Re: [External] : Re: [PATCH 0/2] timers/workqueue: Add support for active CPU

From: Partha Satapathy

Date: Mon Apr 27 2026 - 12:53:33 EST

Thanks for the feedback,
One concrete example is our downstream RDS/RDMA code.

Commit 4c00f3b0dea023a9851908a501735c899b0772f9
("net/rds: Add preferred_cpu option to rds_rdma.ko")
added `preferred_cpu` so follow-up work can be placed for locality and
performance, not because correctness requires that exact CPU.

The motivation was to keep processing close to where the completion was
observed. The aim is to keep the workers near the CPU where the HCA's
queues are mapped, so completion handling and follow-up work remain
local. With `preferred_cpu=cq`, work is steered toward the CPU
matching the CQ interrupt affinity, which helps latency and cache
locality. With `preferred_cpu=numa`, work is kept on CPUs local to the
HCA's NUMA node, which helps scale-out while preserving locality to the
device and memory.

So here the chosen CPU is only a preference. If that CPU goes offline
in the window between selection and queueing, the delayed timer can end
up queued on a CPU that is no longer active, and execution is then
postponed until that CPU comes back.

For this class of user, fallback to an active CPU is preferable,
because the placement is an optimization, not a correctness requirement.

I also do not think this is specific to RDS. In general, network and
RDMA drivers often choose CPUs based on IRQ affinity, queue affinity, or
NUMA locality to improve latency and throughput, while still being able
to run on any online CPU. For that kind of workload, "active if
possible, fallback otherwise" looks like a useful generic behavior.

That said, I agree that a downstream-only example by itself may not be
enough to justify a mainline core API change. I mentioned RDS mainly to
answer your question about whether there are real users that choose CPUs
for performance/locality rather than strict correctness.

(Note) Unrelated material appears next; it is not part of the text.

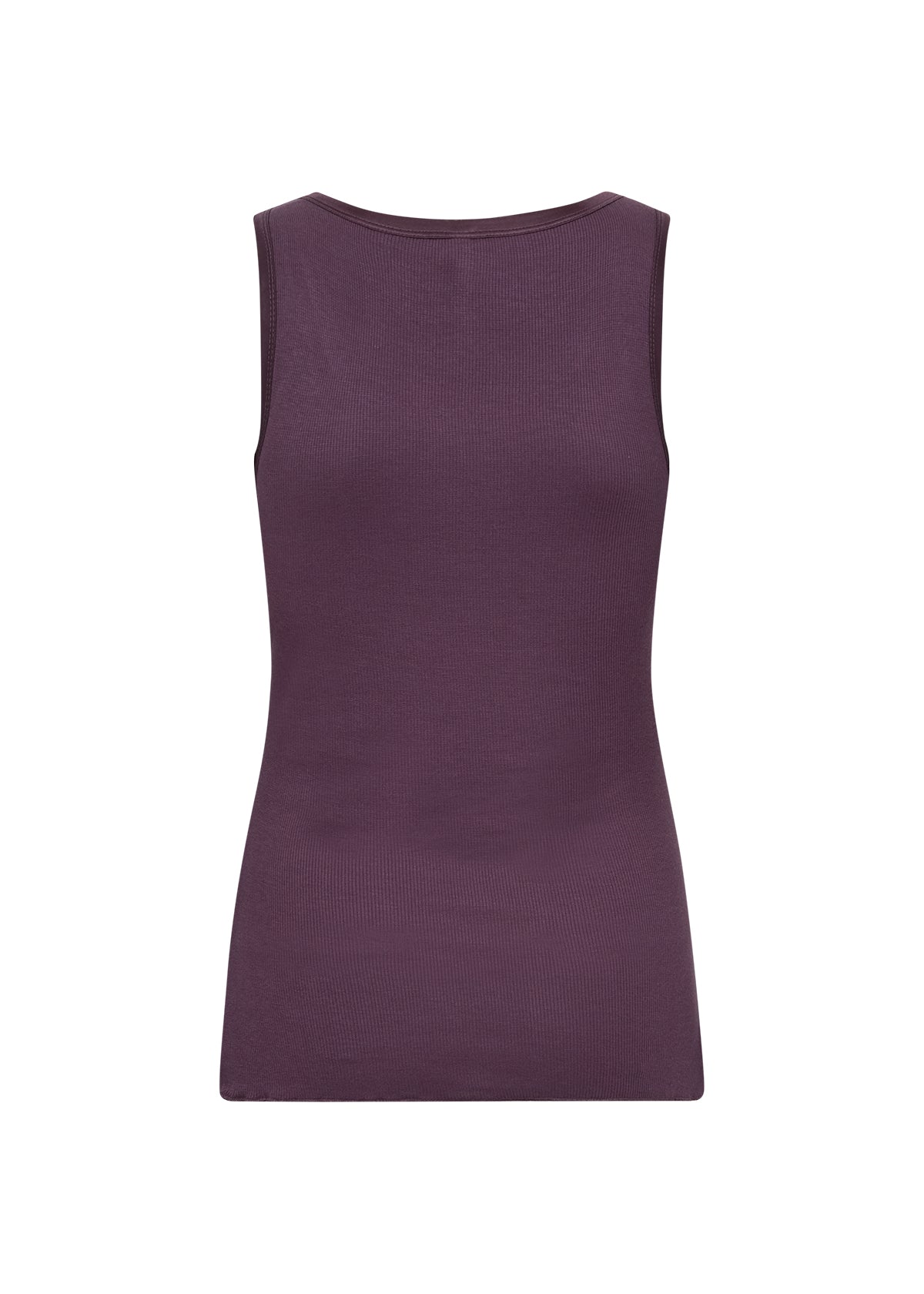 A basic tank in a nice LENZING™ ECOVERO™ viscose and elasthane blend quality. The tank has a classic fit, a round neck, a ribbed effect and a nice detail at the collar. This wardrobe must-have can be used under any upper.

On 23-04-2026 17:35, Frederic Weisbecker wrote:
> Hi,
>
> Le Thu, Apr 23, 2026 at 09:19:05AM +0000, Partha Satapathy a écrit :
>> From: Partha Sarathi Satapathy <partha.satapathy@xxxxxxxxxx>
>>
>> Hi,
>>
>> Timers queued with add_timer_on() and delayed work queued with
>> queue_delayed_work_on() currently rely on the caller to ensure that the
>> target CPU remains online until the enqueue operation completes. In
>> practice, CPU hotplug can still race with that sequence and leave the
>> timer queued on an offline CPU, where it will not run until that CPU
>> comes back online.
>>
>> For delayed work, this has a direct knock-on effect: if the backing
>> timer is stranded on an offline CPU, the work item is never queued for
>> execution until that CPU returns.
>>
>> In many cases, the target CPU is chosen for locality and cache affinity
>> rather than as a strict execution requirement. Falling back to an active
>> CPU is preferable to leaving the timer or delayed work blocked on a dead
>> CPU. While callers can try to track CPU hotplug state themselves, that
>> does not close the race, and taking the hotplug lock around enqueue
>> operations is too expensive for this class of use.
>>
>> This series adds opt-in helpers for that fallback behavior without
>> changing the semantics of the existing interfaces:
>>
>> - add_timer_active_cpu() queues a timer on the requested CPU only if
>> the target CPU's timer base is active; otherwise it falls back to
>> the current CPU.
>>
>> - queue_delayed_work_active_cpu() uses the new timer helper for the
>> delayed timer path and updates dwork->cpu to reflect the CPU
>> actually selected for the timer, so the work item is queued on the
>> same active CPU.
>>
>> The existing add_timer_on() and queue_delayed_work_on() behavior is left
>> unchanged for callers that require strict CPU placement.
>
> Timers are migrated when CPUs go offline. So the problem is queueing
> a timer to an offline CPU. It should be the responsibility of a subsystem
> to synchronize with CPU hotplug in order to avoid that.
>
> As for timers that are queued locally not for correctness but for performance
> reasons, do we know such example?
>
> Thanks.
>